I agree with most here, just buy what you want. Don't worry about what other people think at all, no way. Just get on it and go balls out until you are good.

I like to get the best I can afford rather than upgrading later, and I have never regretted that. I tend to go all in with my hobbies though, and I find that I always end up taking it to the extreme or the end of my abilities. It may be partly a mental thing, but knowing I have the best stuff, I can forget the equipment and focus on improving results. I find that I can source parts extremely well on ebay, and do all the wrenching at home, it's all a pleasure.

Welcome to road biking and enjoy it.

Zigmeister
Posts: 921
Joined: Mon Jan 24, 2011 8:09 pm

by Zigmeister

My opinion is, get the best you can afford, and if that means the best available on the market, so be it.

Here is the downside to that, I have NO excuses but myself now.
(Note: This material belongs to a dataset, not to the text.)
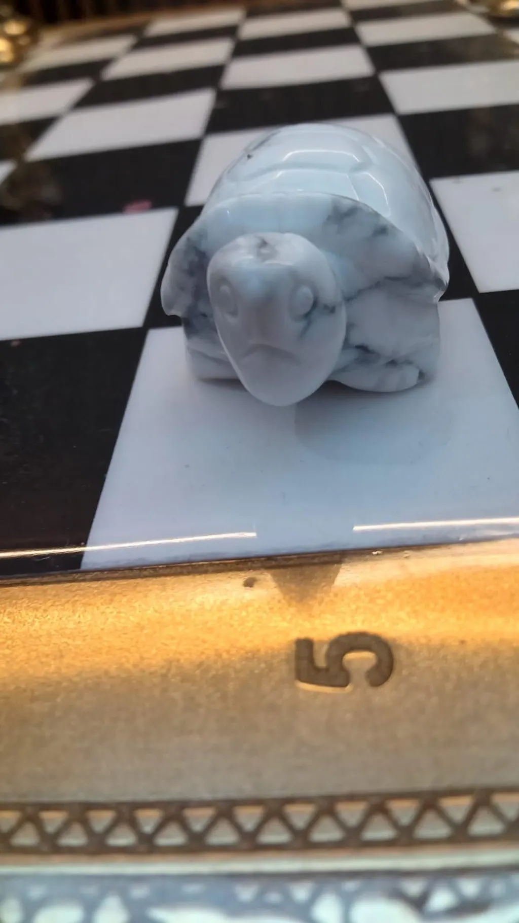 🎨 Design: Hand-carved tortoise with natural white and grey patterned finish

Cant blame the equipment.
Last edited by Zigmeister on Tue Dec 17, 2013 4:29 am, edited 1 time in total.

by Weenie


PJCM
Posts: 191
Joined: Sun Apr 15, 2007 6:44 am

by PJCM

If riders had to earn their equipment then I doubt it would be feasible for the bike industry to produce top-end gear. The reality is that loads of great equipment is used by not-so-great cyclists and if it makes them happy, then great.

The performance benefits are obviously marginal compared with mid-range equipment but this stuff is nice to use and just enjoy the ownership of.

Biking, and related purchases, is as much emotional as it is rational so just go for it.